» Exercise description:
Pictures are to be left out. Return exactly the lines below from the one with "Espejo Luz Led" up to and including the one with "소서러는 광범위하고 위력이".

» Supplied information:
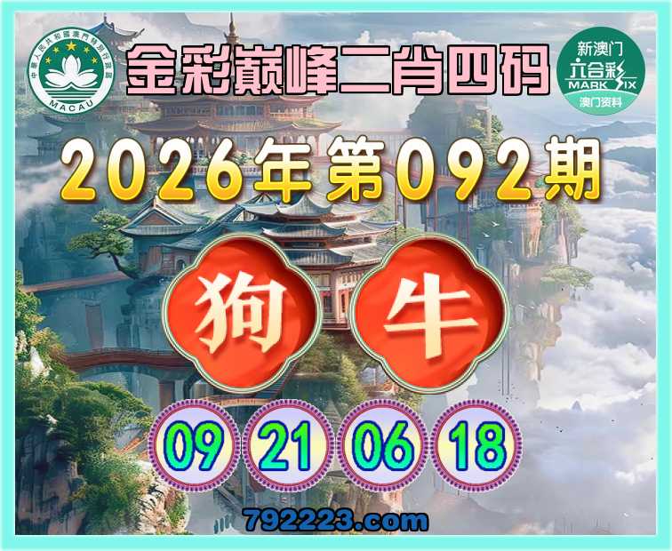 092期:《金彩巅峰》 🎖️二肖四码🎖️【狗】【09.21.06.18】开:牛06
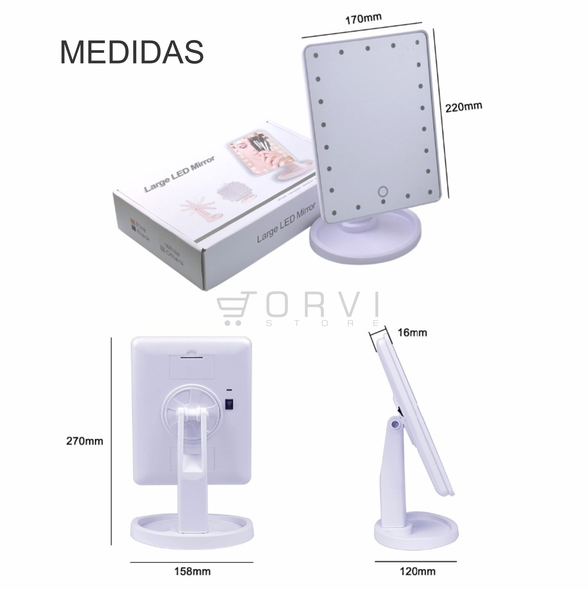 Espejo Luz Led Pantalla Táctil Touch Maquillaje Pilas o Conexión cable USB
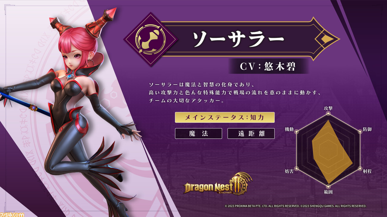 소서러는 광범위하고 위력이 높은 공격을 할 수있는 공격자입니다. 마법을 사용하여 공격하고 싶은 분에게 추천. 근거리 전투는 약하기 때문에 적과 거리를 취하면서 싸우는 것을 유의합시다.
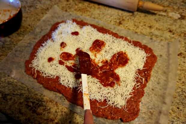 Una vez que la pieza de aplanado de mezcla de la carne, ahora está en el punto donde debe agregar la salsa de espagueti y mozzarella relleno.
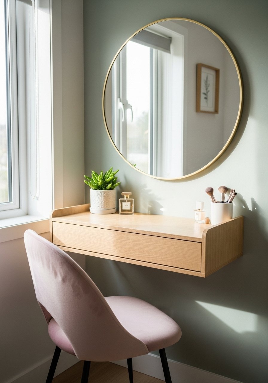 Working from my bedroom meant I needed a compact desk that doubles as a vanity. I chose a small wall-mount desk and a round mirror. Add an LED makeup light or Edison LED bulb for flattering color. Tip: keep daily items in a tray to clear it quickly. Mistake: too many cosmetics on view—use a drawer organizer.
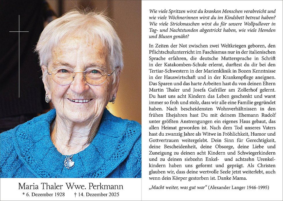Dankbar, dass wir sie so lange unter uns haben durften, verabschieden wir uns in Trauer von unserer Mutter, Schwiegermutter, Großmutter, Urgroßmutter, Schwester, Tante und Patin
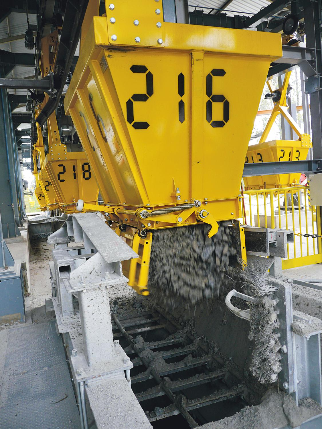 The shape of the bucket and the unloading of the material depend on the characteristics of the material itself. The material can be unloaded through the bottom of the bucket or by tipping the entire bucket; after unloading, a bucket cleaning system can be provided, as well as a storage and washing system.
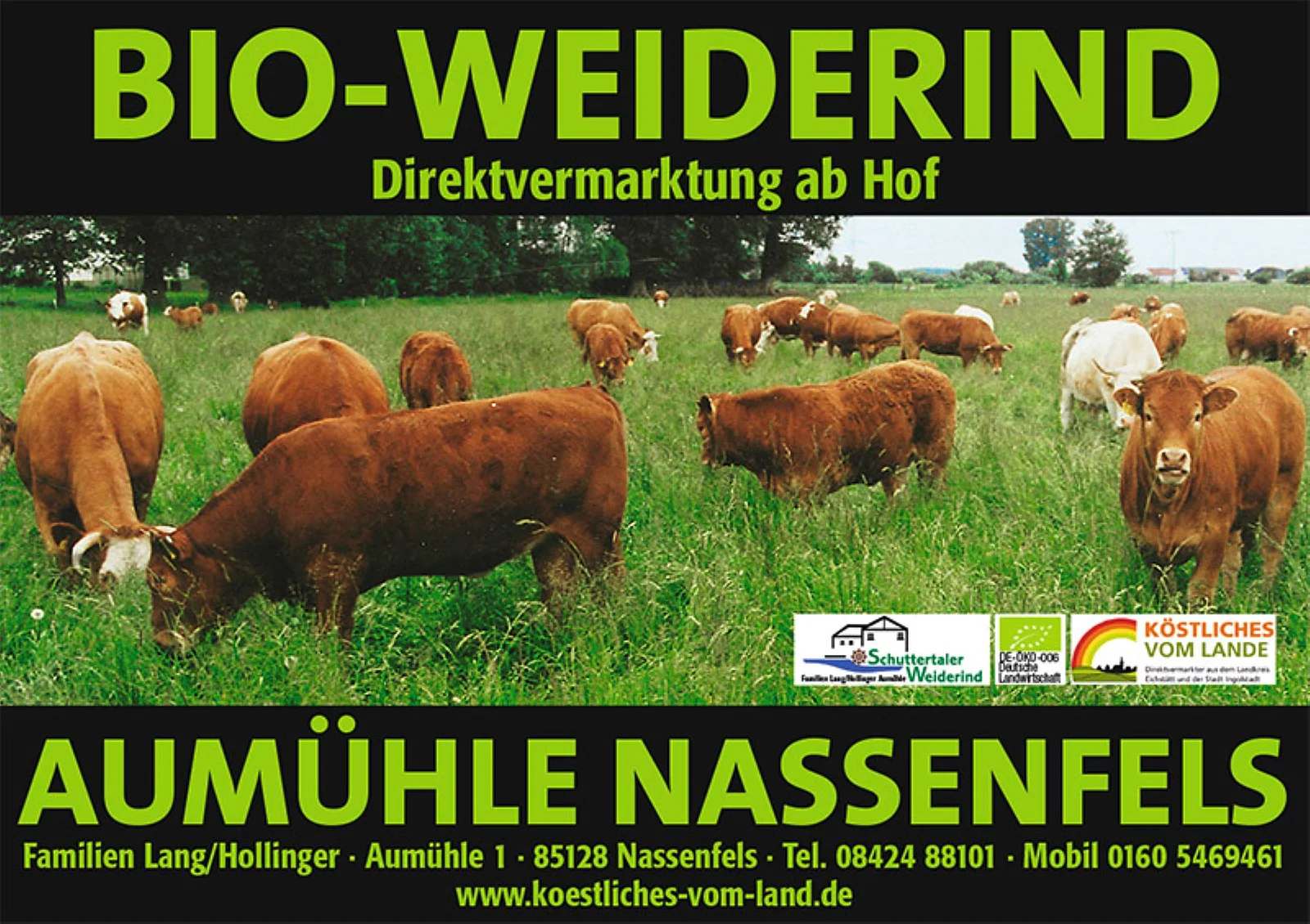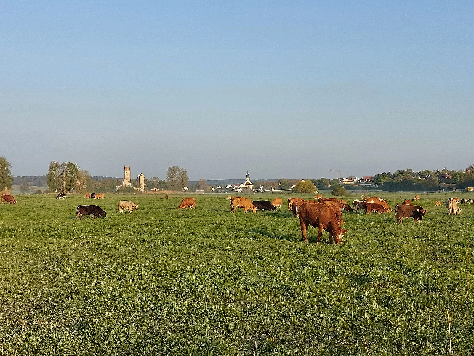- Rindfleisch: Die Tiere unserer Limousin- und Fleckviehherde genießen den Sommer auf unseren gut geführten extensiv bewirtschafteten Weiden. Dort finden sie eine große Vielfalt an Kleearten, Gräsern und Kräutern. Dieses natürliche, abwechslungsreiche Futter ergibt ein geschmackvolles Rindfleisch.
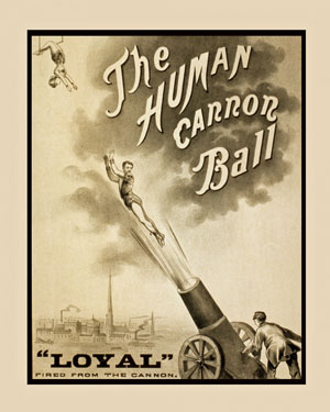 En raison de son caractère spectaculaire et des forts risques liés à sa pratique, l’homme-canon devient une attraction incontournable en Amérique : Barnum et Yankee Robinson, réputés pour être les plus grands cirques de l’époque, ne tardent pas à l’adopter et à en faire le numéro central de leurs représentations.
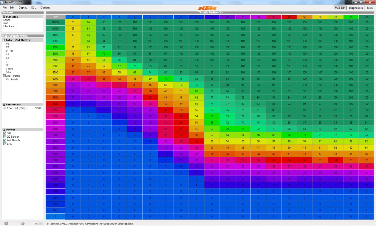 Ben ik dus de standaard en de akra mapping van de ecu even met elkaar gaan vergeleken en zag daar een groot verschil in de 2nd throttle map.
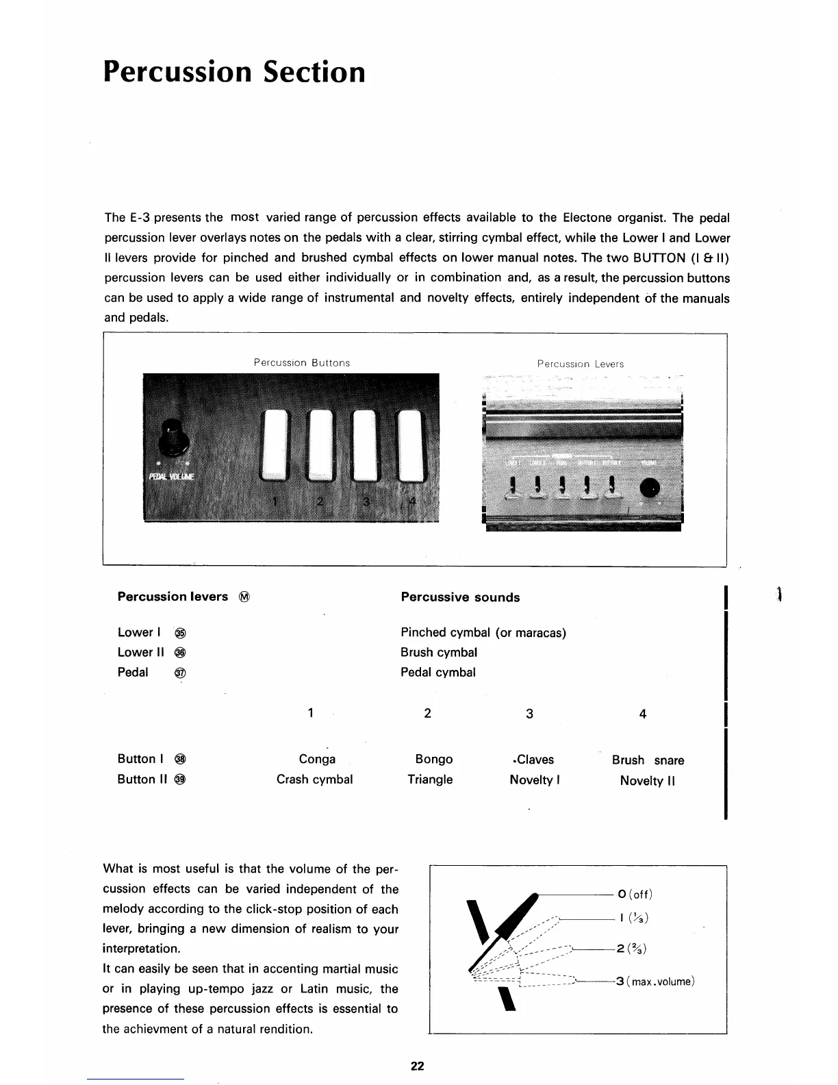 Yamaha Electone E-3 - Percussion Section; Percussion Levers; Percussive Sounds
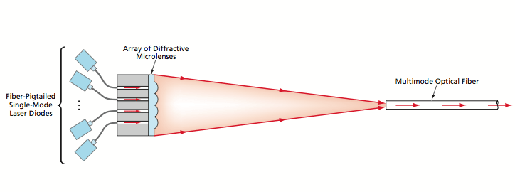 In the present approach (see Figure 2), the beams from multiple fiber-pigtailed single-mode laser diodes are coupled to single-mode optical fibers that have been placed together in a hexagonal-close-packing planar array. An array of diffractive microlenses, custom-designed and fabricated on a glass substrate by electron-beam lithography, is placed in front of the fiber array. The custom design and position of the lens array are chosen, according to the precisely measured actual positions of the fibers, so that the single-mode beams emerging from all the single-mode optical fibers are focused on the same small circular spot centered on the input face of a suitable multimode optical fiber. In use, the beam emerging from the output end of the multimode fiber would be focused onto the front facet of an Nd:YAG NPRO crystal in the usual way. It is anticipated that the AΩ of the pump light thus incident on the crystal would be less than the maximum single-frequency-lasing value.
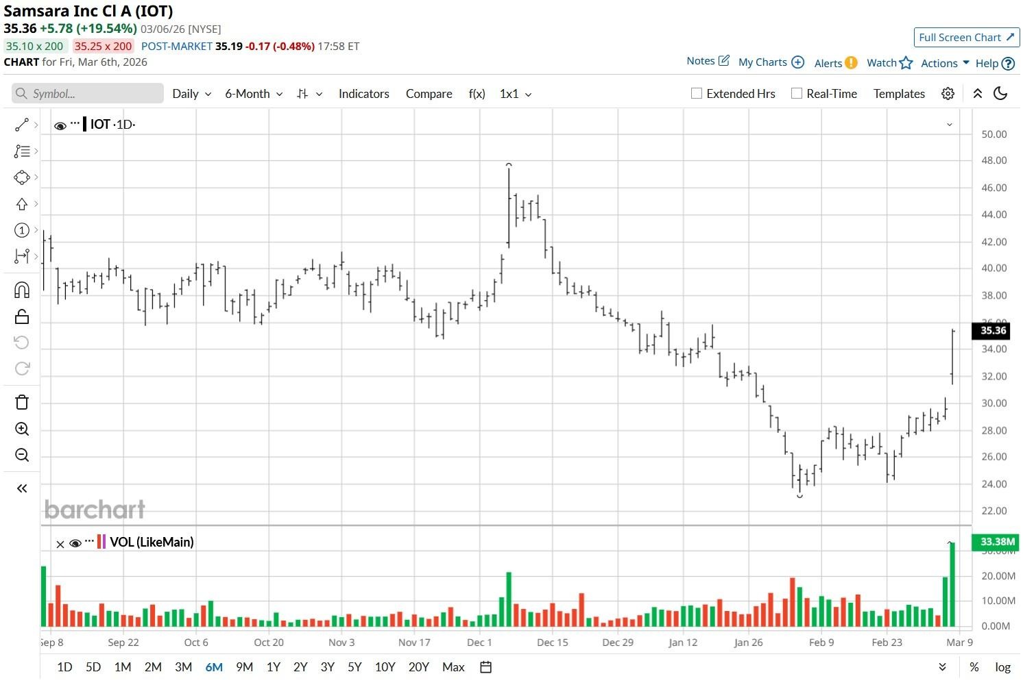 Samsara (IOT) shares closed nearly 20% higher on March 6 after the cloud software company’s solid Q4 and impressive future guidance signaled artificial intelligence (AI) disruption fears are indeed overblown.
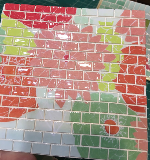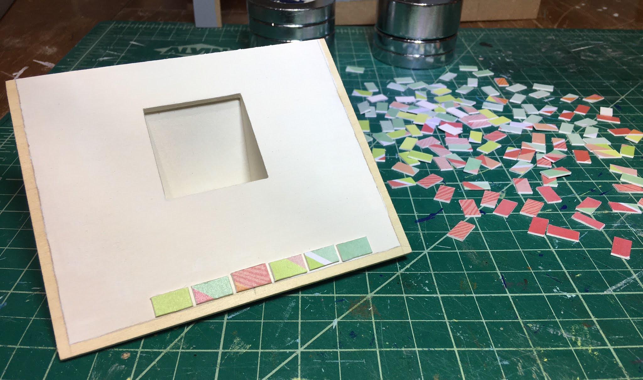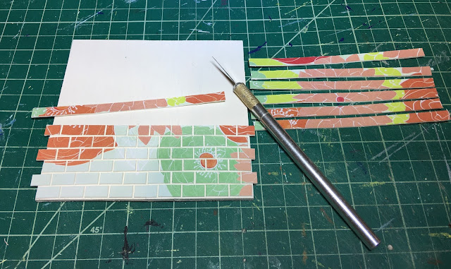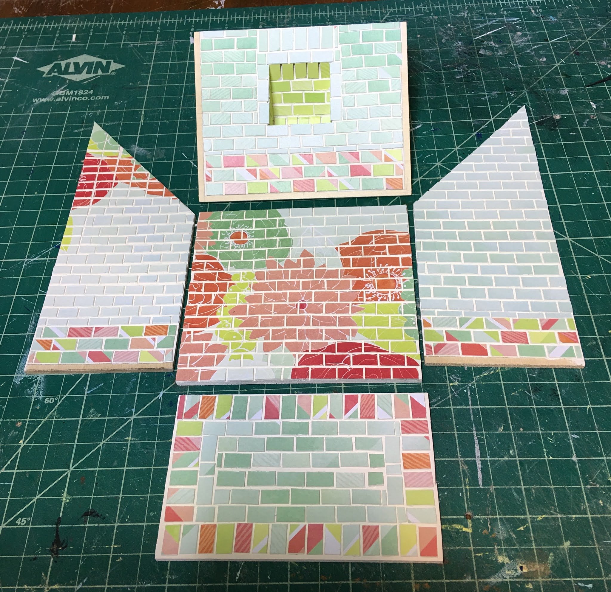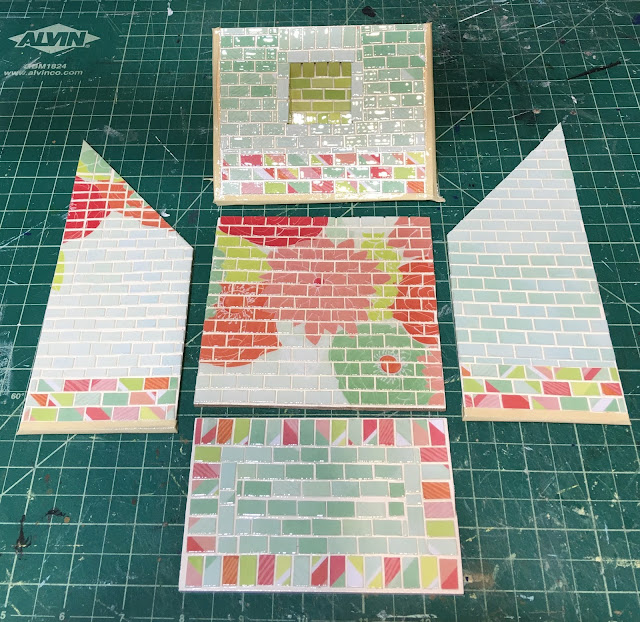 For the tiles, I took the same scrapbook stack that I am utilizing for the whole project and created tiles from the patterns. I used wallpaper gel to adhere the paper to mat board, then cut the tiles from that. I attempted to use my Cricut to cut the tiles for me, but could not find the right combination of blade, material, pressure and passes to cut the tiles through cleanly. After a fair amount of invested time, I decided the job would be easier accomplished by hand. I actually enjoyed it! At first, my tiles weren't perfectly consistent, but like with any job, I got better with practice. I used tacky glue to adhere the tiles to the primed wood and applied them by eyeballing it.

» Answer space:
 Espejo Luz Led Pantalla Táctil Touch Maquillaje Pilas o Conexión cable USB
 소서러는 광범위하고 위력이 높은 공격을 할 수있는 공격자입니다. 마법을 사용하여 공격하고 싶은 분에게 추천. 근거리 전투는 약하기 때문에 적과 거리를 취하면서 싸우는 것을 유의합시다.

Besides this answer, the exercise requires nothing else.